Vermont’s first bike share launches in Burlington
For the price of a cup of coffee, UVM students and Burlington residents alike are now able to rent bikes from various points around town and on campus.
Greenride Bikeshare, Vermont’s first bike-share program, launched April 18.
“Everyone is super excited about the bike-share,” said Abby Bleything, UVM’s clean cities coordinator and a program leader.
Burlington already has a regional transport system; the Chittenden Area Transportation Management Association sysem, but the bike-share is a first for Burlington.
CATMA currently sponsors both a bus system and a car-share service.
With 17 hubs — stations where riders can pick up and drop off bikes — spread across Burlington, and 80 bikes to choose from, convenience is central to the bike-share’s mission, Bleything said.
“You should be able to walk out to any hub at any time and be able to grab a bike,” she said.
The program is in only the first of three phases, Bleything said.
The final goal is to create a regional system, with 300 bikes and 50 hubs throughout Burlington and neighboring cities, she said.
To raise awareness of the bike-share, Eco-Reps, a student-led group that encourages sustainability, has been promoting it on campus, said sophomore Jillian Scannell, an Eco-Rep and SGA speaker.
Though people seem interested in Greenride, Scannell thinks that the program may be less helpful for UVM students than other community members, as many students already own bikes, she said.

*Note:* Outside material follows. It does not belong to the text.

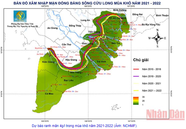 Trong những năm gần đây, diễn biến mặn trong khu vực Đồng bằng Sông Cửu Long diễn ra khá phức tạp. Độ mặn xâm nhập sâu vào đất liền thường diễn ra vào các tháng cao điểm mùa khô (tháng 2 đến tháng 4) và mức độ xâm nhập mặn thường liên quan đến thủy triều ở Biển Đông và/ hoặc do lưu lượng dòng chảy thấp từ thượng nguồn Sông Mê Kông. Ngoài ra lượng mưa giảm ở thời điểm trước mùa khô cũng được xem là một trong những yếu tố gây tác động đến mức độ xâm nhập mặn. Xâm nhập mặn gây ra những hậu quả hết sức nặng nề, ảnh hưởng đến đời sống sinh hoạt, sản xuất của cả vùng ĐBSCL. Đặc biệt, cuối năm 2015 và những tháng đầu năm 2016, diễn biến xâm nhập mặn tại ĐBSCL được đánh giá nặng nề nhất trong 100 năm qua. Từ năm 2016, tình trạng xâm nhập mặn ở Việt Nam đã diễn ra hết sức phức tạp. Việc này dẫn đến nhiều bất cập trong việc cơ cấu và sử dụng nguồn nước cho công tác thủy lợi, nông nghiệp cũng như trong đời sống hàng ngày. Xâm nhập mặn gây ra những hậu quả hết sức nặng nề, ảnh hưởng đến đời sống sinh hoạt, sản xuất của cả vùng ĐBSCL.

Junior Sammy Headlund, president of the UVM Cycling Club, is excited about this addition to campus, he said.
“Biking’s sweet,” Headlund said. “It can answer a ton of society’s problems.”
Bleything and other Greenride partners, which include Champlain College and the CATMA system, began to notice a need for such a program in 2016, after UVM’s Bike Library closed, she said.
While numerous Burlington community members and organizations had proposed similar ideas, their launch dates were all far off, and Bleything and her team wanted to get it started sooner, she said.
Bleything and her team sent proposals to four different bikeshare companies, and eventually inked a deal with a company called Gotchabike in January 2017, she said.
As part of their deal, Gotchabike provides Greenride with high-tech seven-speed bikes, and as a result of Greenride’s partnerships with various local companies, the rideshare program is the cheapest in the country, Bleything said.
The partners include Ben & Jerry’s, Burlington International Airport and the Vermont Agency of Transportation.
“For us, it was never about revenue, it was about getting people on bikes,” Bleything said.